Monday, March 10, 2014

The Extraordinary Friend

When I was little, like many kids I had an imaginary friend. Actually, I had a gaggle of imaginary friends. There were Cha-Chow and Chee-Chow (don't ask me how I came up with those names) and Amy, Pamy, and Tamy. In typical fashion, I liked to blame them for my wrongdoings. I'll never forget the day my uncle called pretending to be one of them. That totally blew my four-year-old mind. I remember a part of me thinking, But you're pretend! And another thinking, Well, maybe you're not!

Anna had imaginary friends from a very early age. First there were Sarah and Fishy, but I'm not sure if those count because they were actually her hands, which she'd make talk, kind of like puppets. Then there were the dwarfs (as in Snow White). I don't know how she came up with that one, because I'm not even sure she'd heard the fairy tale. There were Jamie and Naney, and there was Tulip. Anna went so overboard with Tulip she actually created a scrapbook for her complete with drawings of the two of them doing various activities together. Tulip had long straight brown hair, and for awhile Anna called her "my best friend."

I wasn't surprised that Ethan didn't say a word about an imaginary friend for the longest time. This is a boy who, honestly, struggles with imagination. He prefers what's right in front of him and has been challenged at times with envisioning something that hasn't existed first in real life. For awhile, he surprised me by coming up with names for his hands just like Anna did (albeit about three years older than when she came up with the idea). He called them Tico and Petey, and mostly they would have competitions with each other, like who could hit the most golf balls with a screwdriver in the tub (one of Ethan's bizarre games; it's kind of his version of pinball -- when I think about it, it's actually quite imaginative!).

Then, just in the past week, he has started talking about Mouse. Why the name Mouse? Who knows. Mouse, depending on when you ask him, is either seven years old or "older than God."

In typical Ethan fashion, Mouse doesn't exist to serve as a best friend, or to take the blame if Ethan does something wrong. No. Mouse has joined us to play Stratego and other games with Ethan when no one else is available.

"Me and Mouse are going to play now," he'll say if I tell him I can't play at the moment. I'll hear a murmur of conversation between the two of them, and then Ethan usually wants me to come over and admire the way he's set up his pieces, and critique the way Mouse has done his.

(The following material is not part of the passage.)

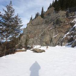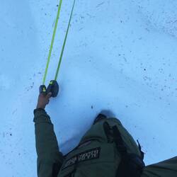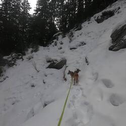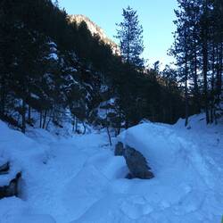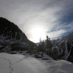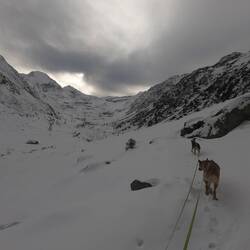 Die heutige Wanderung soll uns von 1200m zum Capra-Gletschersee auf 2100m führen. Doch schon auf den ersten Meter zeigt sich, dass der Aufstieg um einiges erschwert wird. Es liegt meterhoch SchneeLæs mere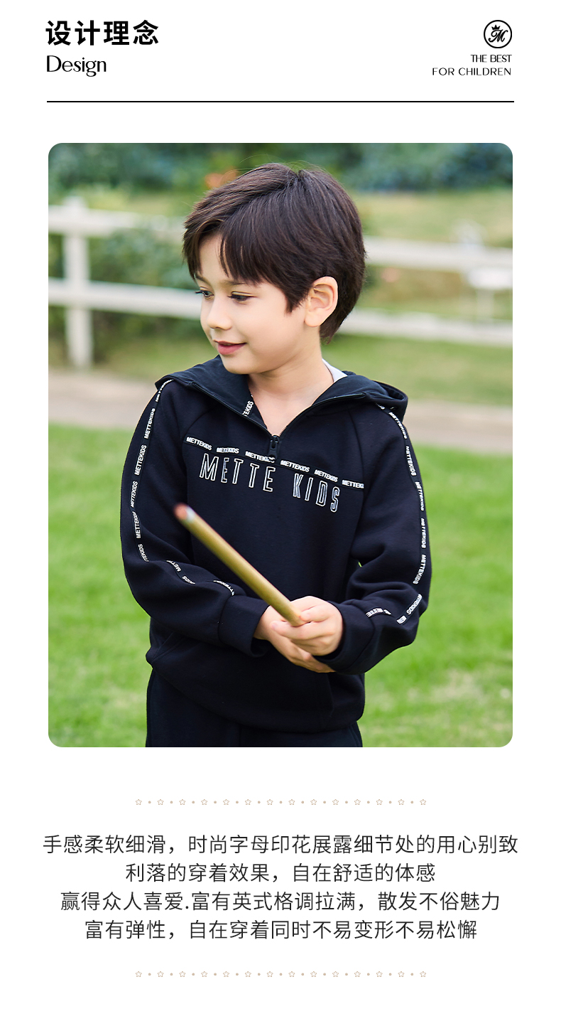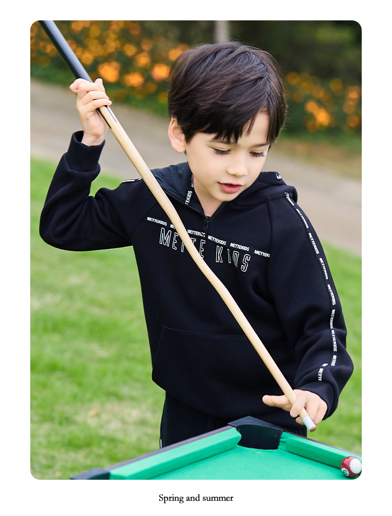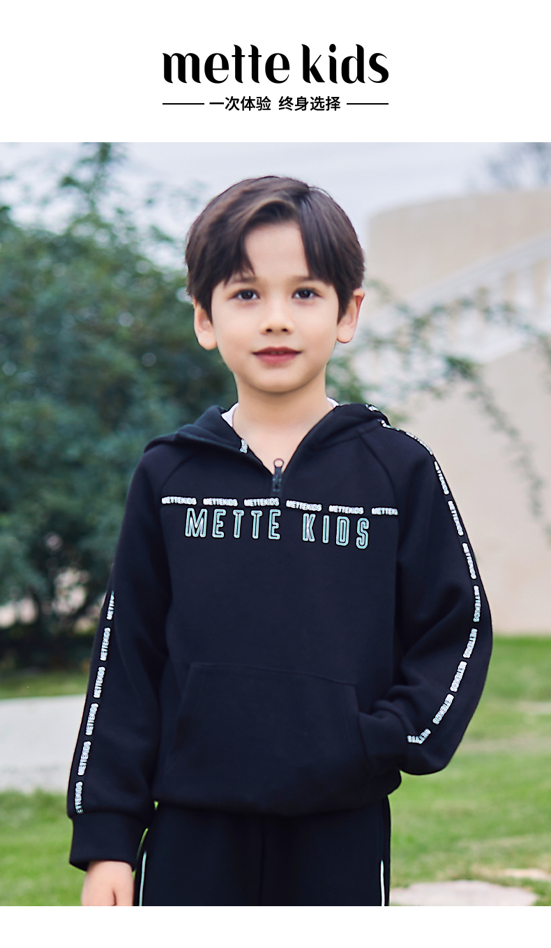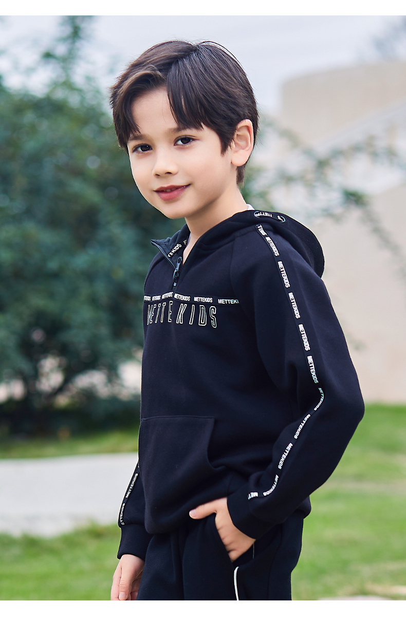 mettekids儿童卫衣春秋新款休闲运动童装男童连帽套头时尚上衣

"Mouse always has bad strategies when we play Stratego," Ethan said matter-of-factly the other day. No surprise -- he's beaten Mouse every time they've played. Imagine that. Somehow, even if Mouse gets close to eeking out a win, Ethan manages to make a move to defeat him.

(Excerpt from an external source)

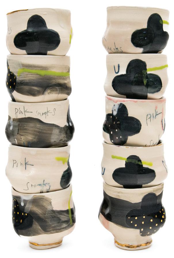 Cups, the most accessible and intimate vessel; we hold them in our hands, bring them to our lips, pass them communally, offer them to friends. A wellmade cup fosters a meditation of routine moments. A wall of cups can tell stories of where you’ve been and who you’ve toasted worldwide.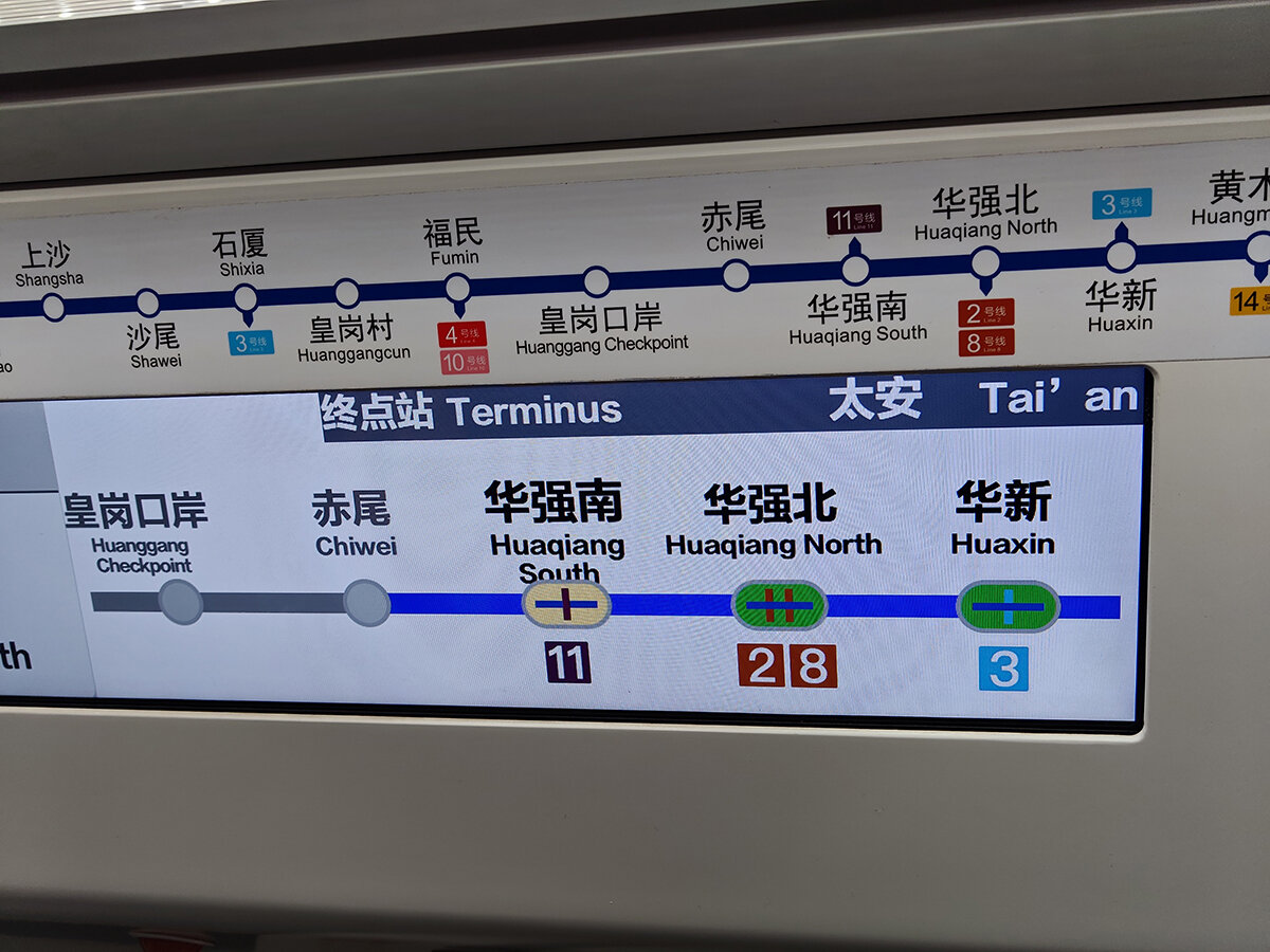 地下鉄はここから電脳街へと走り、駅は赤尾(チーウェイ)、華強南(ファーチャンナン)、華強北、華新(ファーシン)の順に並ぶ。このうち華強南はスマートフォンのパーツビルが近い。このパーツビルに潜り込んでiPhoneの非正規パーツを買い集め、ビル1階のマクドナルドでiPhoneを組み立ててしまうツワモノもいるらしい。華強北は電脳街の中心駅、華新は電脳街の最北端に位置する。

So far Ethan and Mouse have also played bowling and Go Fish. I'm glad Mouse has served as a great coping mechanism during these days when it's really hard for us to just drop everything and play with Ethan all the time.

The other day Anna and I tried to get a few more details about Mouse out of Ethan. "What's his last name?" Anna asked.

"I don't know," Ethan replied.

"Well, what does he look like?" I wondered aloud.

"Mom, I don't know that because he's an extraordinary friend," Ethan protested.

"Do you mean imaginary?" I asked, trying to stifle a giggle.

"Yeah, he's an imaginary friend," he said, annoyed. "I haven't thought of what he looks like."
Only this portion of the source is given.